The study also conducted immunohistochemical staining of stored intestinal sample slides of NEC patients of the UKE and AKK during the time period assessed in this study, which were reanalyzed for MPO, NE, and H3cit (Figures 4A–C). As can be seen in Figure 4A, an increase, even though not significant, in staining and scoring for MPO slides within the cNEC group could be found in comparison to samples obtained from the iNEC group. Moreover, staining for NE showed a significant increase for neonates diagnosed with cNEC in comparison to neonates with iNEC (p = 0.012, Figure 4B), and neonates diagnosed with cNEC demonstrated significantly elevated H3cit levels in the intestinal tissue when compared to neonates in the iNEC group (p = 0.041, Figure 4C).
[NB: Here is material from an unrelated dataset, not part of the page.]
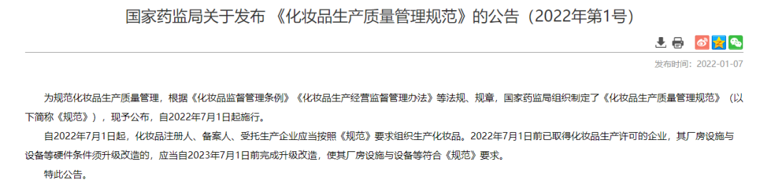 1月7日,为规范化妆品生产质量管理,根据《化妆品监督管理条例》《化妆品生产经营监督管理办法》等法规、规章,国家药监局发布 《化妆品生产质量管理规范》的公告(2022年第1号),自2022年7月1日起施行。

Figure 4. (A) No significant differences were found between the cNEC and iNEC groups with regards to MPO immunohistochemical staining and scoring of the affected intestine. (B,C) Neonates with cNEC demonstrate significantly increased NE and H3cit expression as analyzed through immunohistochemical staining of the NEC intestine in comparison to iNEC neonates. All images depicted are visualized using a magnification setting of 10x.


As previously described, NEC is an often-fatal disease affecting neonates and is associated with many severe short- and long-term consequences. As such, a thorough understanding of the pathomechanism of NEC to develop more effective diagnostic options, to prevent radical bowel resection surgery, is crucial (2). While this retrospective study sheds light on possible new diagnostic criteria for NEC, it also provides insights into the NEC pathomechanism and, with this, the option of novel treatment developments. The results suggest that NEC patient stratification into iNEC and cNEC, depending on cardiac comorbidities, might provide the ability to better diagnose NEC at an earlier stage and intervene sooner. Currently, NEC diagnosis relies heavily on the modified Bell Score, originally developed in 1978 to diagnose NEC in neonates, combining a myriad of (1) clinical symptoms, (2) laboratory parameters, and (3) radiographic criteria. Thus, this study aimed to assess most of the existing Bell Score criteria, while stratifying their prevalence based on the proposed cNEC and iNEC groups.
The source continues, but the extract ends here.